■ Task requirements:
Please give back word for word the lines of the material below between the line containing "2017-2018学年第一学期南阳市西峡县六年级语文试卷(西师版)【2】" and the line containing "4+64G 10 inch", inclusive.

■ Data for this exercise:
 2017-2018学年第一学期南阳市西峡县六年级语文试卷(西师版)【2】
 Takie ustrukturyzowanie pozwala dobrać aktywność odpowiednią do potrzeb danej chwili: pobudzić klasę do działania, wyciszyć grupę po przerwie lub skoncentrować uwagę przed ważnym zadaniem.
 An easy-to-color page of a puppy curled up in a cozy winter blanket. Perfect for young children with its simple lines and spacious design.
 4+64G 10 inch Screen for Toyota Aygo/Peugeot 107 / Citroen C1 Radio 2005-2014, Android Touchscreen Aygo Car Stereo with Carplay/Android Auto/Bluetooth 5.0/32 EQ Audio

--

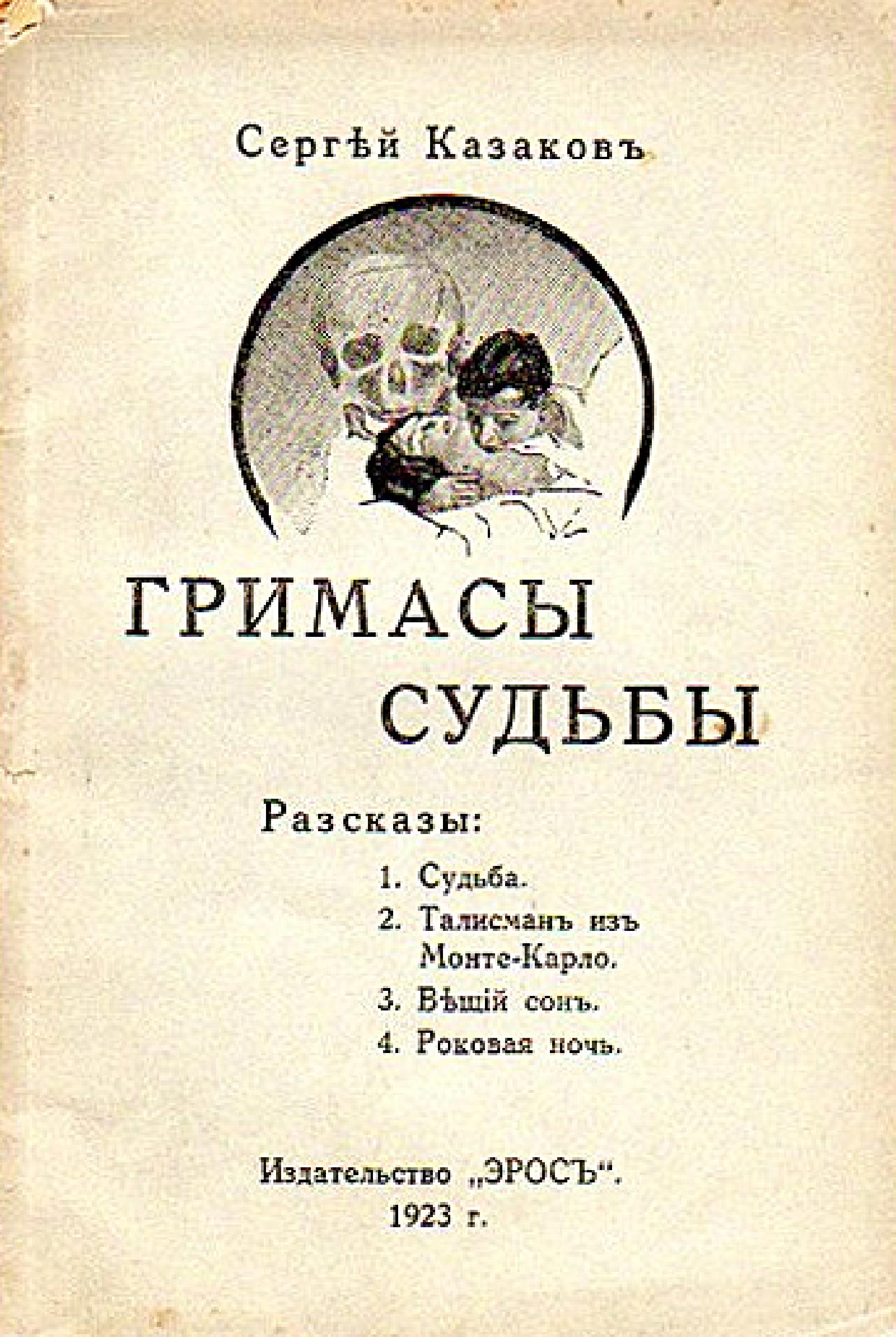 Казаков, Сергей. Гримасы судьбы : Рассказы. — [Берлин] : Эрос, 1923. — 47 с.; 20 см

==

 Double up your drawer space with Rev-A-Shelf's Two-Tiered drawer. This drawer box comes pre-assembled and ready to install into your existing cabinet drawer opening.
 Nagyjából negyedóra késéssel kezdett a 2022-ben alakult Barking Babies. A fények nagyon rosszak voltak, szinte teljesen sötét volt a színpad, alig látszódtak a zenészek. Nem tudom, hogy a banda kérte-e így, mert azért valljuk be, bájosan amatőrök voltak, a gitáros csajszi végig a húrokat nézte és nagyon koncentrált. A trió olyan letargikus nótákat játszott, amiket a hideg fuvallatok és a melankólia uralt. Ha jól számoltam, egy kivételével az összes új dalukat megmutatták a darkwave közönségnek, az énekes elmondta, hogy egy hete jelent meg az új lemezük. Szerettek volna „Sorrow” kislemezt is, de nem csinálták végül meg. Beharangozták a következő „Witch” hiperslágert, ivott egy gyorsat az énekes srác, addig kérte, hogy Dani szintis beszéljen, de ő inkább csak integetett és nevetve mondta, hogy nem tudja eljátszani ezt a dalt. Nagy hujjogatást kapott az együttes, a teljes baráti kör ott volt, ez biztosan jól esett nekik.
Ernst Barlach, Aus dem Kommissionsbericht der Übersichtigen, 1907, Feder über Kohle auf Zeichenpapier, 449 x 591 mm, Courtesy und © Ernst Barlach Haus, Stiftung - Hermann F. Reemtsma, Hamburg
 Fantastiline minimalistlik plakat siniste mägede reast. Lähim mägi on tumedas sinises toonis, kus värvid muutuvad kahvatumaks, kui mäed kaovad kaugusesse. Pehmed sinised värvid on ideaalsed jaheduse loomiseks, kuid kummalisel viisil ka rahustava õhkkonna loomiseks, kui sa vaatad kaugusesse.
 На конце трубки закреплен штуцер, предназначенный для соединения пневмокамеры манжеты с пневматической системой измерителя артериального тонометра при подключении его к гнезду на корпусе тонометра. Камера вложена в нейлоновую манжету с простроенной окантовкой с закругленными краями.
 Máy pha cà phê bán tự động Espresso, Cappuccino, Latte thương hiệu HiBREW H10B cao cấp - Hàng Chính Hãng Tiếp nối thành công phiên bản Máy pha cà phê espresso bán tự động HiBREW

■ Written solution:
 2017-2018学年第一学期南阳市西峡县六年级语文试卷(西师版)【2】
 Takie ustrukturyzowanie pozwala dobrać aktywność odpowiednią do potrzeb danej chwili: pobudzić klasę do działania, wyciszyć grupę po przerwie lub skoncentrować uwagę przed ważnym zadaniem.
 An easy-to-color page of a puppy curled up in a cozy winter blanket. Perfect for young children with its simple lines and spacious design.
 4+64G 10 inch Screen for Toyota Aygo/Peugeot 107 / Citroen C1 Radio 2005-2014, Android Touchscreen Aygo Car Stereo with Carplay/Android Auto/Bluetooth 5.0/32 EQ Audio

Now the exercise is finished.